The following relation $\frac{a}{b} =\frac{b}{a+b}$ is satisfied for $a = 1.6b$ approximately. How to reach this result?

Question

The following relation $\frac{a}{b}=\frac{b}{a+b}$ is satisfied for $a = 1.6 b$ approximately. My question is how to reach this result, I need a detailed explanation of each step of how $\frac{a}{b}=\frac{b}{a+b}$ became $a=1.6b$, because I have the answer that is $a=1.6 b$, but I don't know how the book who wrote this final answer got this result.

I need an explanation of this process.
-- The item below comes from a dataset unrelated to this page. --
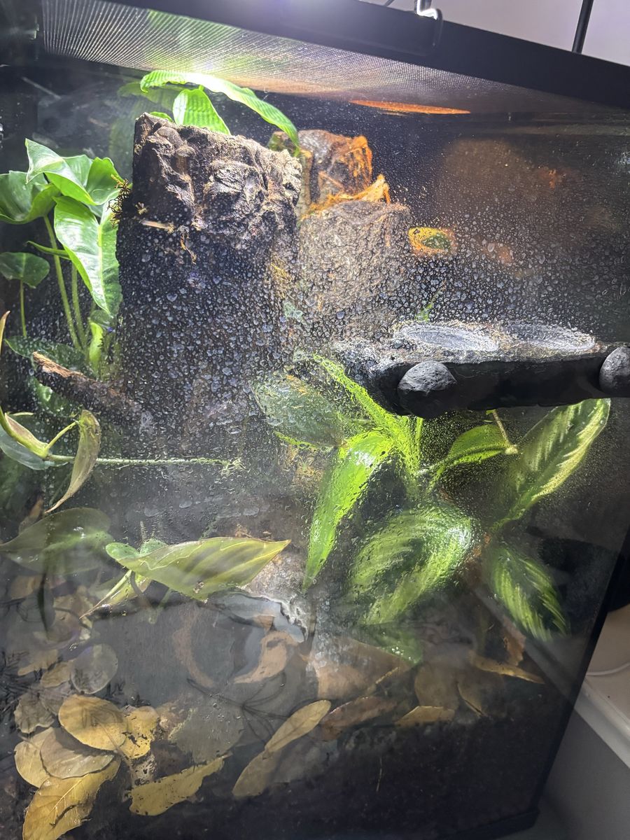 I have 1 single female clown tree frog in this 18 by 18 by 24 inch tank.
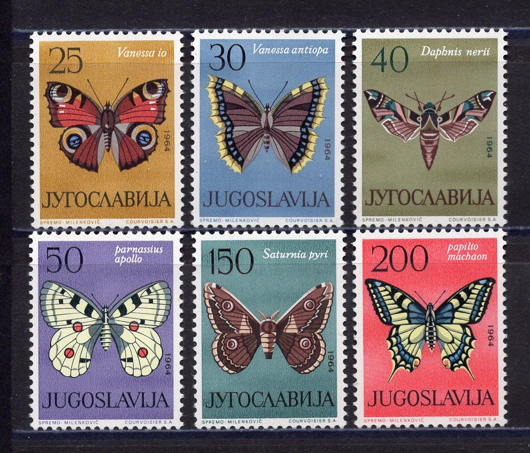 Почтовые марки. Югославия. 1964г. Бабочки. №1069-1074.

If there is a property (for example $\frac{e}{f}=\frac{d}{c}$ $\to$ equality property of rational numbers $\to$ $ec = df$), you can tell me because I might not know them.
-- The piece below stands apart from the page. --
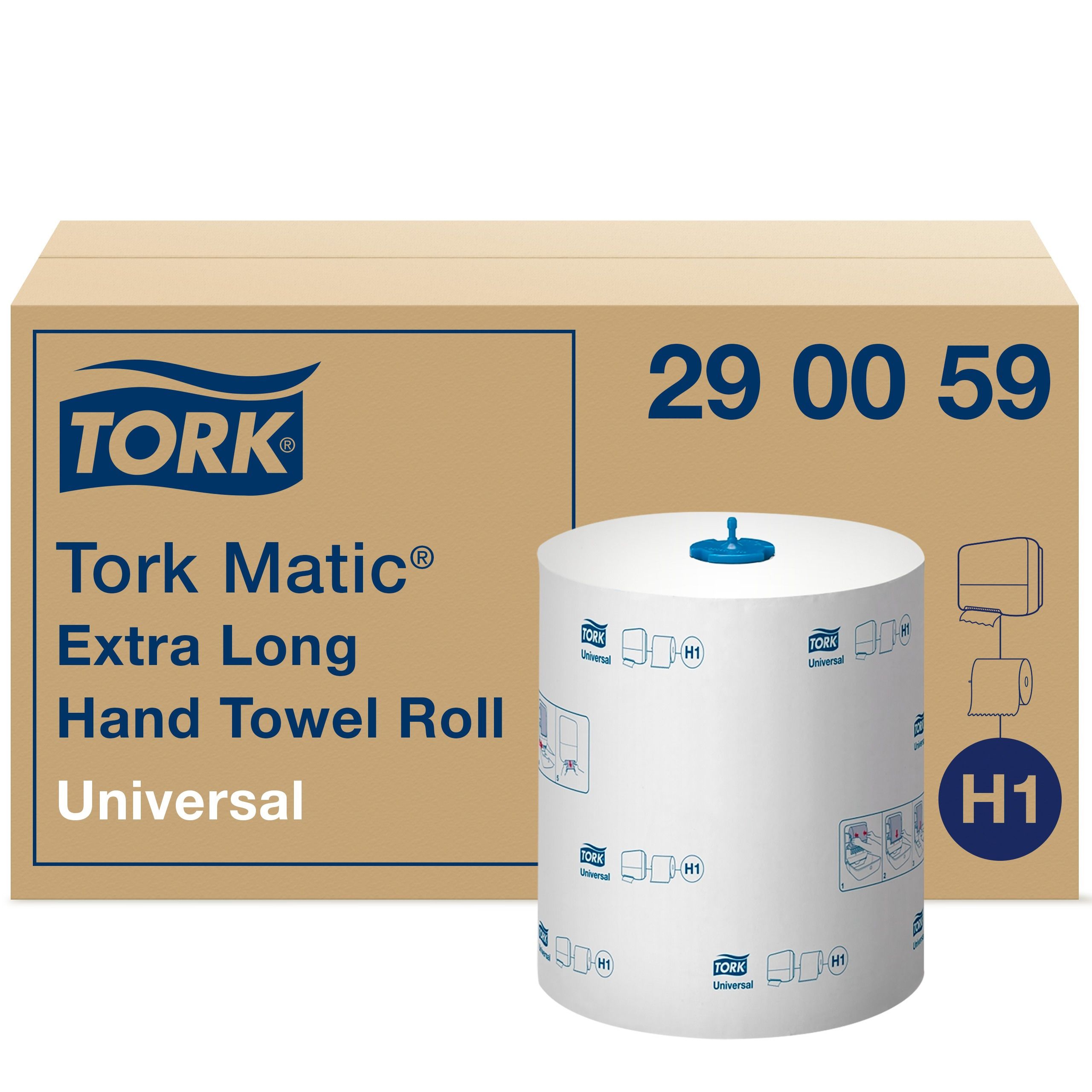 Die Tork® Matic® extra langen Rollenhandtücher haben eine sehr hohe Kapazität und sind daher genau das Richtige für stark frequentierte Waschräume wie in Schulen oder auf Flughäfen. Die Rollen eignen sich für den Tork® Matic® Spender für Rollenhandtücher, der für Waschräume mit hoher Besucherfrequenz entworfen wurde und besonders wartungsarm ist. - System H1, Handtuch Rolle perforiert auf 21 x 24,5 cm Handtuchstücke, 280 lfm lang, ca. 1143 Abrisse pro Rolle, Advanced Qualität, Lebensmitteltauglich, lebensmittel geeignet, 1-lagig, gute Saugfähigkeit und Nassfestigkeit, Rollendurchmesser ca. 19cm, Rollenbreite 21cm, passend für Spendersystem H1 z.B. 551100, 551108, 551000, 551008, 459500.
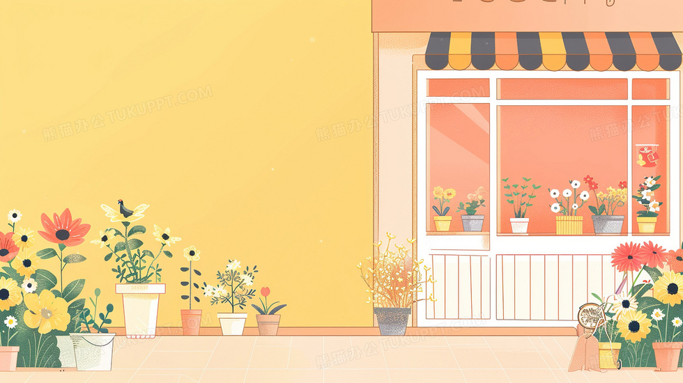 本作品内容为卡通花店电商促销宣传消费背景, 格式为 jpg, 大小3 MB, 图片尺寸为2912 x 1632, 作品中背景图片无需修改, 源文件无水印,可以直接使用, 欢迎使用熊猫办公。 如认为平台内容涉嫌侵权,可通过邮件:tousu@tukuppt.com提出书面通知,我们将及时处理。

I need an answer that makes me understand the concepts and why each step is that way, so I can learn and be able to solve similar problems.

Answer 1

Let $a = kb$. Then solve for $k$.

\begin{align} \dfrac ab &= \dfrac{b}{a+b} \\ \dfrac{kb}{b} &= \dfrac{b}{kb+b} \\ k &= \dfrac{1}{k+1} \\ k^2+k - 1 &= 0 \\ k &= \dfrac{-1 \pm \sqrt{1-4(1)(-1)}}{2} \\ k &= \dfrac{-1 \pm \sqrt{5}}{2} \end{align}

In response to your comment...

\begin{align} \dfrac ab &= \dfrac{b}{a+b} \\ \dfrac ab &= \dfrac{b \cdot \dfrac 1b}{(a+b)\dfrac 1b} \\ \dfrac ab &= \dfrac{1}{\dfrac ab + 1} \\ \left(\dfrac ab\right)^2+\left(\dfrac ab\right) - 1 &= 0 \\ etc \end{align}

Answer 2

Let's assume $b$ is non-zero and write $r=a/b$, a rational number. Since $r+1=\tfrac{a+b}{b}$, your equation turns into $$ r=\frac{1}{r+1}, $$ which becomes a quadratic equation: $$ r(r+1)=1, $$ and can be solved using square roots by completing the square.

However, from your question phrasing I think you actually meant to write down the equation for the golden ratio given at the wiki page, specifically this picture. Note that the golden ratio $\phi\approx 1.6$, and the derivation of its value is described in detail at the wiki page I linked.